Advancements in molecular testing enable physicians to use precision medicine in treatment of cancer patients harbouring actionable mutation. KRAS is one of the most commonly mutated genes in cancer, along with p53, PIK3CA, ATM, PTEN, APC, BRAF and several others [1]. KRAS mutations are present in three of the most highly prevalent and deadly cancers: lung, colon and pancreas. Recent advances in evidence-based therapeutics presented promising clinical benefits for patients harbouring such tumours. Historically, mutated KRAS has been un-druggable despite the progress in targeted therapies. Recently, however, several KRAS-targeted drugs are the subject of ongoing clinical trials. Thus, it is critical that Brazil sets the stage for adoption and implementation of precision medicine and their associated tests as a model for other countries in similar situations.

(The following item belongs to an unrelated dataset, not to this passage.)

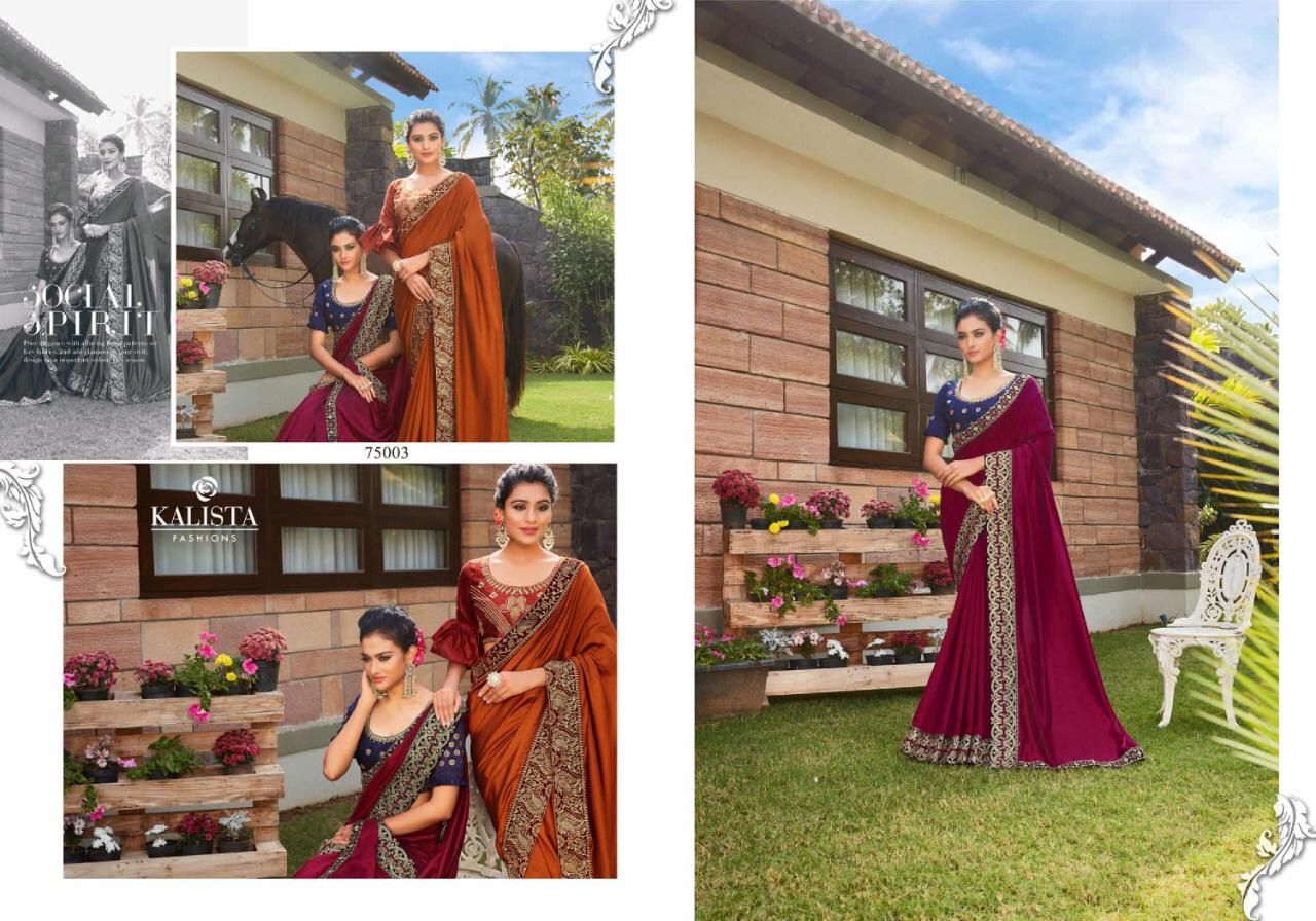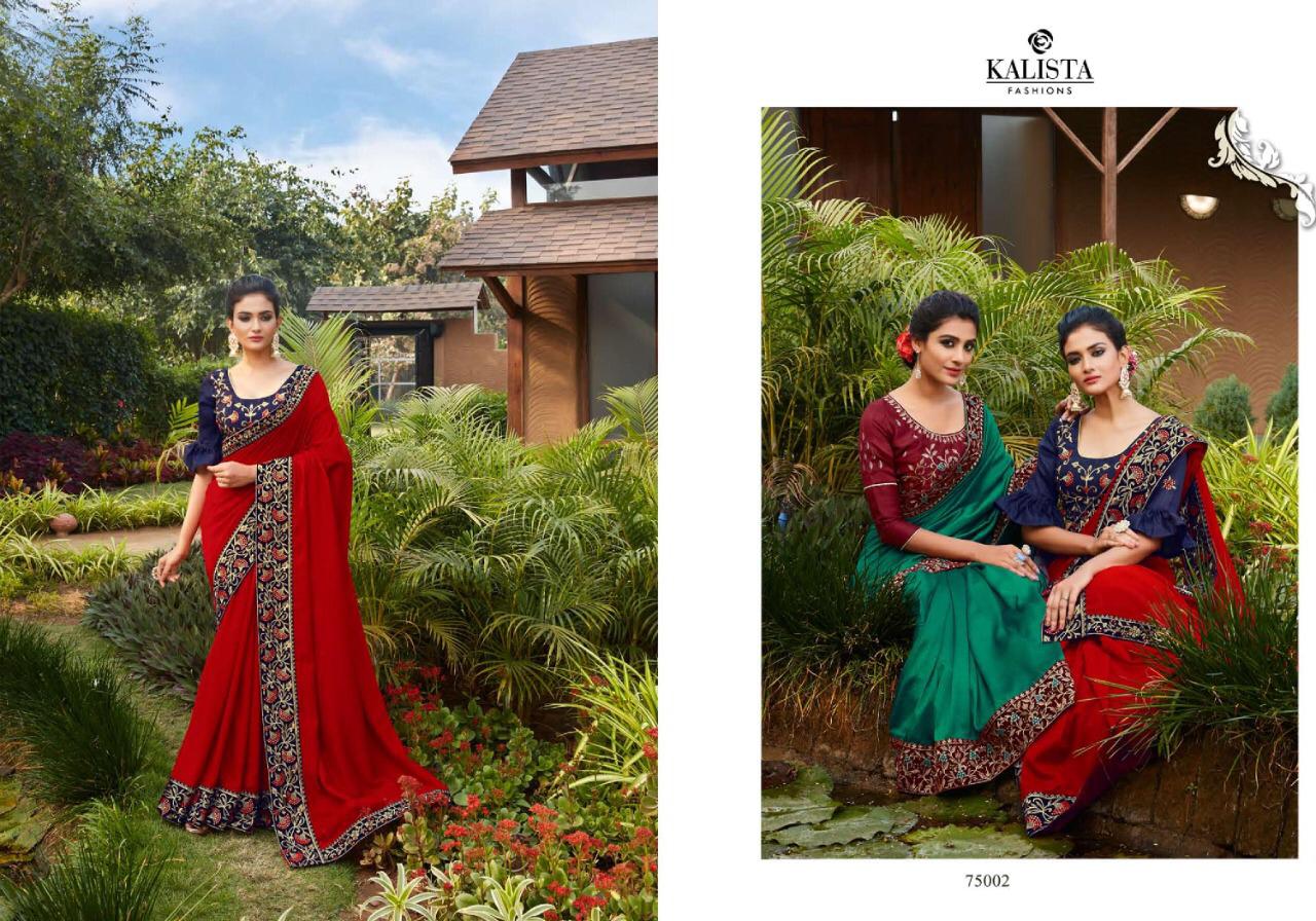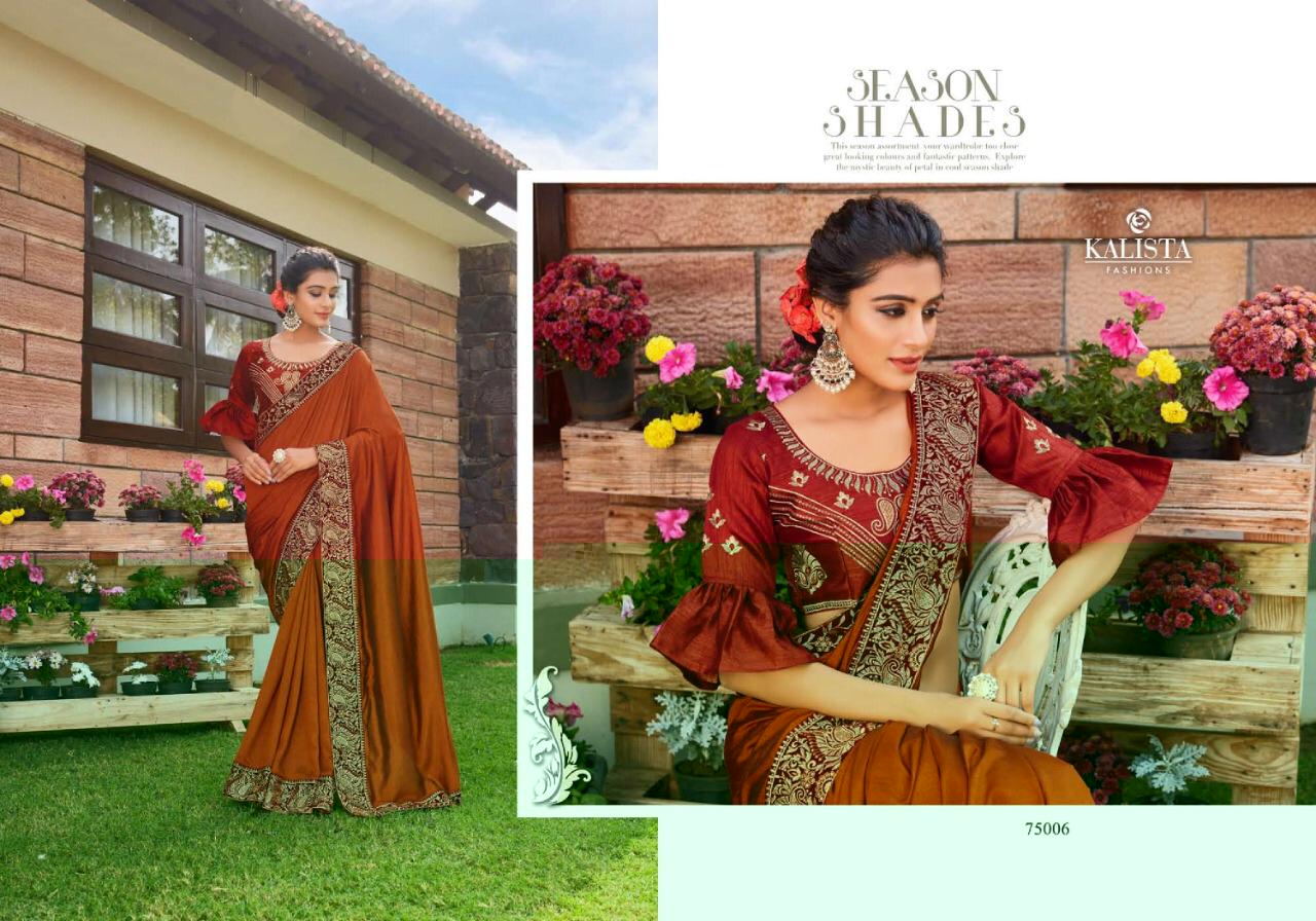 Buy Online Vasudha By Kalista Saree Manufacturer Traders Surat 5 Pcs of Full Catalogue at Wholesale Price. Looking for Vasudha By Kalista Saree Manufacturer Traders Surat Full Catalouge at Best Price? Buy Now Vasudha By Kalista Saree Manufacturer Traders Surat at Wholesale Rate of Rs 4975 with Total 5 Pcs from authroized dealer and supplier of KALISTA FASHION Brand. Cost of Each piece is just only Rs 995 which is very low and affordable price to resale the product in your retail store ,This is Surat based Wholesale Supplier & Dealer of KALISTA FASHION Brand. Click on Brand name to Know more about KALISTA FASHION Brand's products.Call or Whatsapp on 9898838984 for booking or enquiry

KRAS plays an important role in the epidermal growth factor receptor (EGFR) signaling pathway that controls cell growth and proliferation. EGFR pathway signaling is triggered by an alteration in RAS proteins, which is due to activating mutations in KRAS gene. This pathway signaling a common event in several types of cancer and is regarded as a prominent step in tumorigenesis. The most commonly mutated codons in KRAS are 12, 13, and 61, which create drug resistance to EGFR tyrosine kinase inhibitors (EGFR-TKIs). Several studies suggest that KRAS mutations should be known prior to using EGFR-TKI therapies. Although tumor tissue is the standard source for KRAS mutation detection, obtaining tissue samples is invasive, and may be associated with additional cost, which may not always be feasible. Considering the advantages and disadvantages of tissue testing, liquid biopsy offers an opportunity to access tumor tissue not only for diagnosis but also for serial sampling and follow up

Lung cancer is the most frequently diagnosed cancer worldwide and the leading cause of death. In Brazil, as previously stated, it is the second most frequent malignant tumor type among men and the fourth in women, with an estimation of more than 30,000 new cases per year. KRAS mutations are seen in approximately 30% of all lung cancers. Non-small cell lung cancer (NSCLC) accounts for approximately 85% of these tumors. Within NSCLC, KRAS mutations have been reported in 25–34% of adenocarcinomas and in 2-6% of squamous cell carcinomas. In adenocarcinomas, the most common codon 12 substitutions are G12C and G12V, both associated with smoking history, whereas the G12D is more frequent in never smokers. In some series, KRAS mutations have been related to worse treatment outcomes and considered a in depend variable, with deleterious prognostic value.